After such a long stock market run, it’s not surprising that setbacks like this are closely watched for evidence of any more lasting reversal in sentiment. Short of a spike in interest rates or deeper economic setback, though, it’s still hard to see what will end Big Tech’s market dominance.

Remember the “reopening trade” earlier this year? That was meant to bring a rotation into cyclical sectors that would benefit from a snapback in economic growth. Covid-19’s Delta variant helped to stop that trade in its tracks, and by early summer tech stocks were back in the driving seat.

It also transpired that partial reopening was very good for large parts of the tech sector. Stellar second-quarter profits provided ample evidence that a group of companies that had helped to support the economy in the dark days of the pandemic were now among the best-placed to lead it out again.

This week, a new set of worries has settled on the market. Along with the lingering pandemic, tight supply chains and labour shortages are both weighing on the economy.

At the same time, interest rates are inching up.
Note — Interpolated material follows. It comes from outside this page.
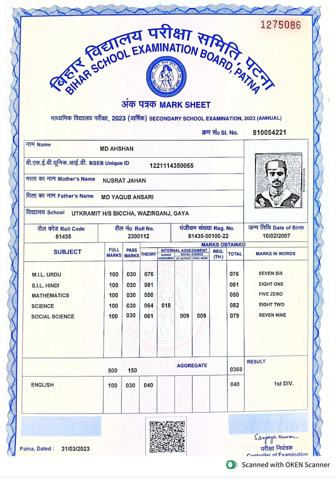 | Exam | Full Marks | Pass Marks | Marks Obtained |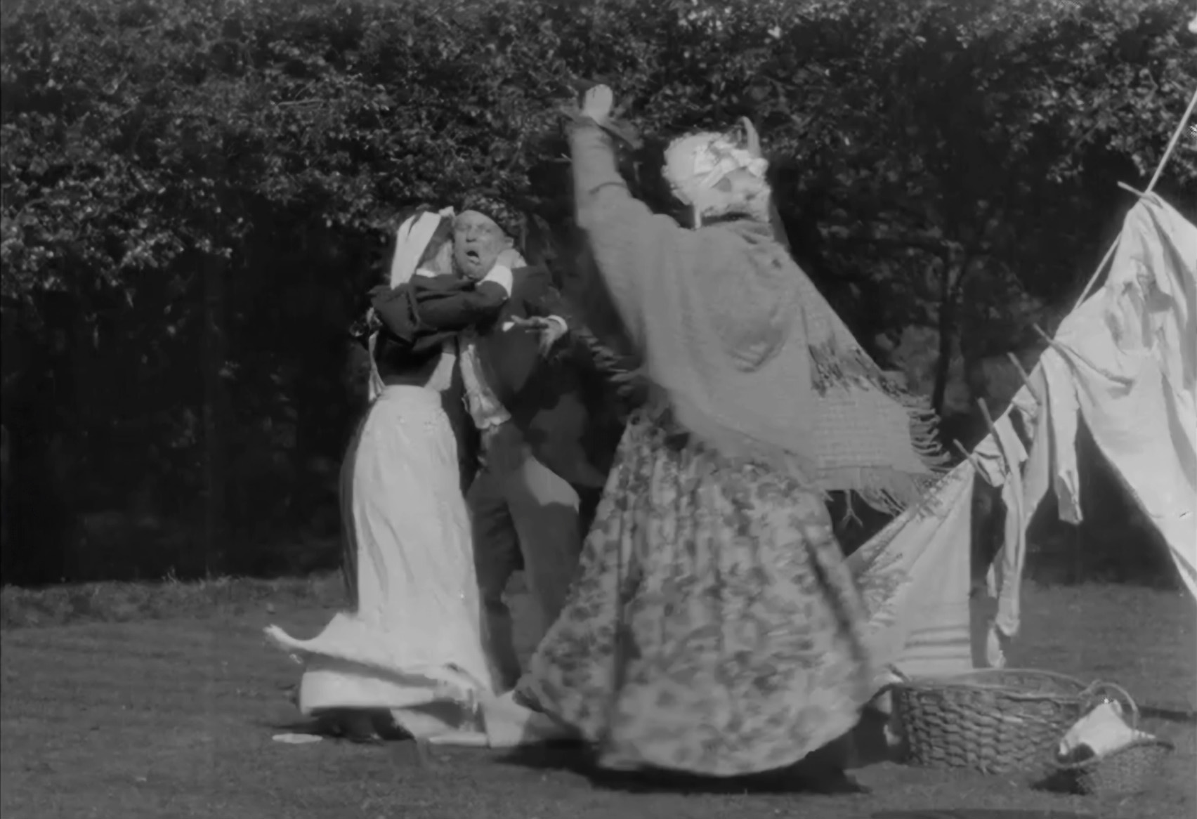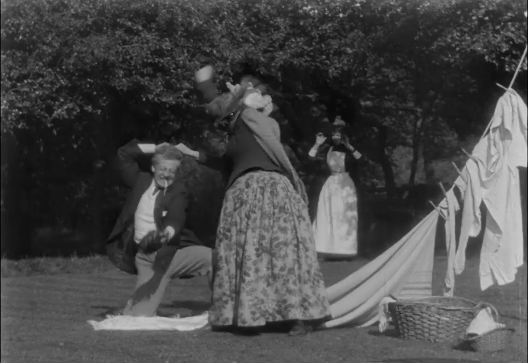 — A man is caught canoodling with the maid and thrashed by his wife, featuring Tom Green, Nellie Green and Laura Bayley. Possibly 1898 (1 min.).

The pressure for a sharper rise may have eased, but a tightening cycle like this can still send the occasional convulsion of anxiety through the market, with “growth” stocks on higher valuations the most vulnerable.

Yet if supply-side pressures are causing havoc, the demand side, for much of the tech sector, still looks solid. The delayed reopening has itself extended spending on digital services that did well during the pandemic. The secular growth forces that have lifted Big Tech higher are still very much intact.
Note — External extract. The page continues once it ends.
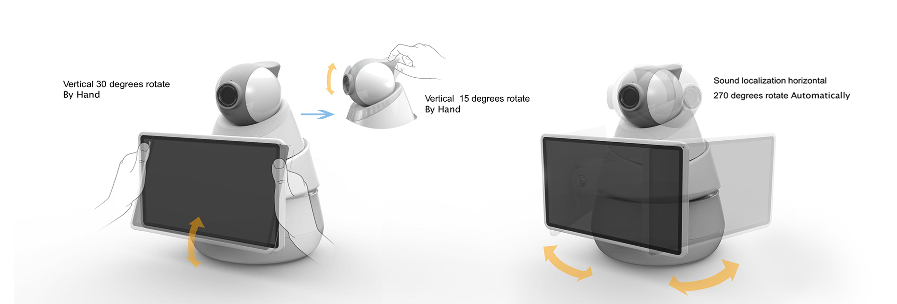 ▪ Voice control ▪ Speech source localization ▪ Video chat ▪ Face recognition ▪ Environment monitor ▪ MiraCast function ▪ DLNA wireless transmission ▪ Remote operation ▪ 0-240 degree flexible rotation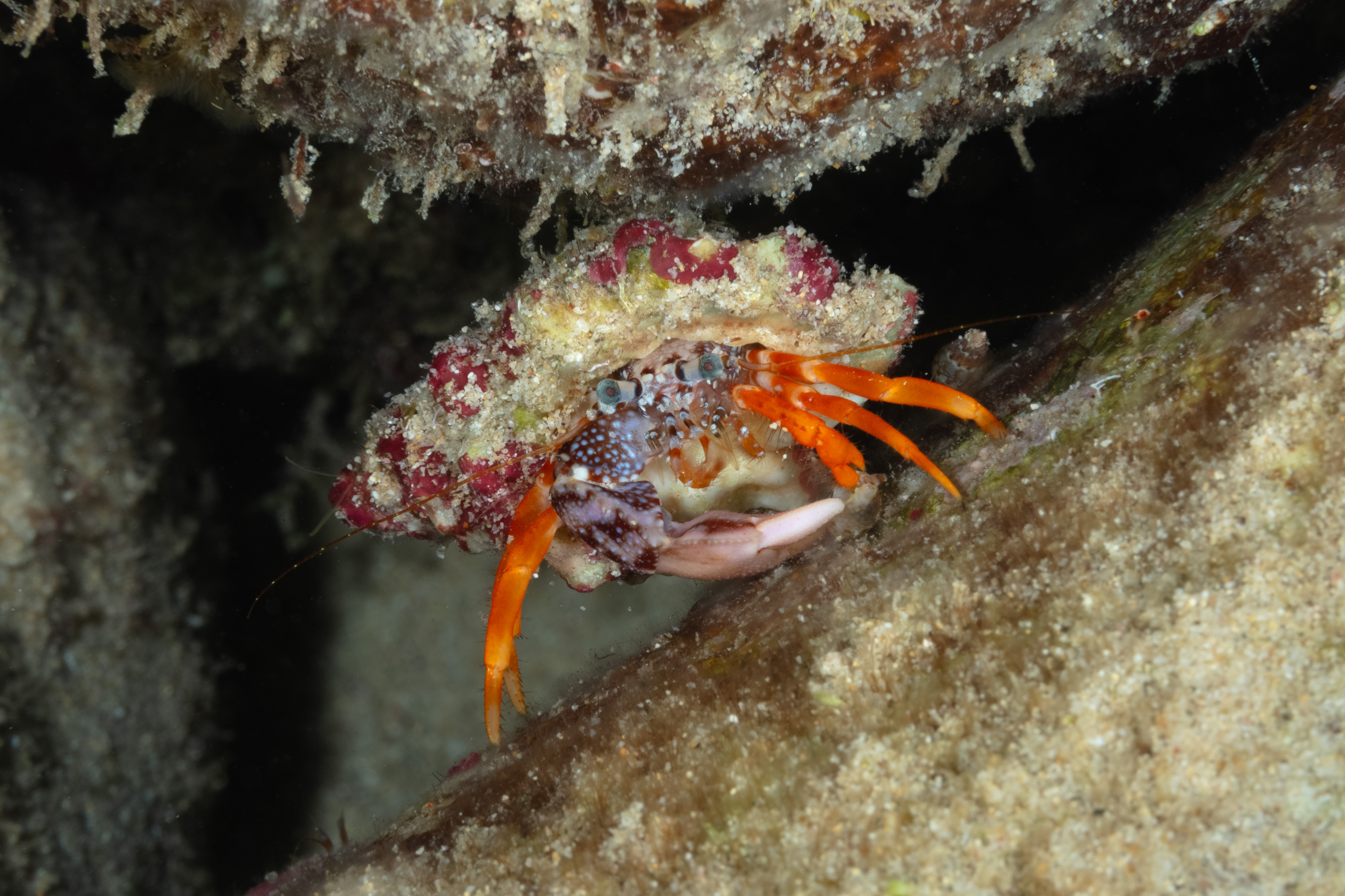 This Hermit Crab has a large right claw with spots resembling polka dots, vibrant orange legs, and blue eyes on banded eyestalks.

There are still plenty of open questions. Among them: will the effects of the slowdown linger through 2022? Optimists like Jim Tierney, chief investment officer for US growth at AllianceBernstein, predict that, with companies and individuals flush with cash, any lost sales now will simply be pushed into next year, extending the good times for tech.

The other big unknown is whether the pandemic led to an unsustainable rise in some types of tech spending, either because it created temporary demand for services like video conferencing, or because companies were forced to pull forward plans to digitise parts of their operations so they could stay in business.

A disappointing earnings forecast from memory chipmaker Micron this week as sales of PCs drop back after the work-from-home boom provided some fodder for the pessimists.

But slowing economic growth could actually benefit tech stocks by reducing the threat of a spike in interest rates, points out Walter Price, a tech fund manager at Allianz Global Investors. The sector may be able to take the impact of more moderate rate rises on their valuations in its stride.

Such valuation are towards the high end of historic ranges, but they are not looking unduly stretched. Alphabet’s shares are up 86 per cent in the past 12 months, adding an astounding $830bn to its market value. But with earnings also surging, the ratio of its price to earnings has remained at around 30.

Facebook is even beginning to look cheap, at least relative to the rest of the market and its own history, says Tierney. Worries that changes to Apple’s privacy rules will hurt its advertising business have taken Facebook’s P/E ratio down to 24.

Of course, other risks could start to weigh more heavily in the coming months, not least the threat of tougher regulation. Wall Street is still betting that Democrats in Washington will not turn their anti-tech rhetoric of the past year into legislation that seriously limits Big Tech’s actions.

According to Price at Allianz, this week’s market jolt is “the usual tech correction that happens often in September and is over by October”.

That may sound complacent. But as growth continues and the pressure for higher interest rates abates, there is every reason to believe the extraordinary run in tech stocks has further to go.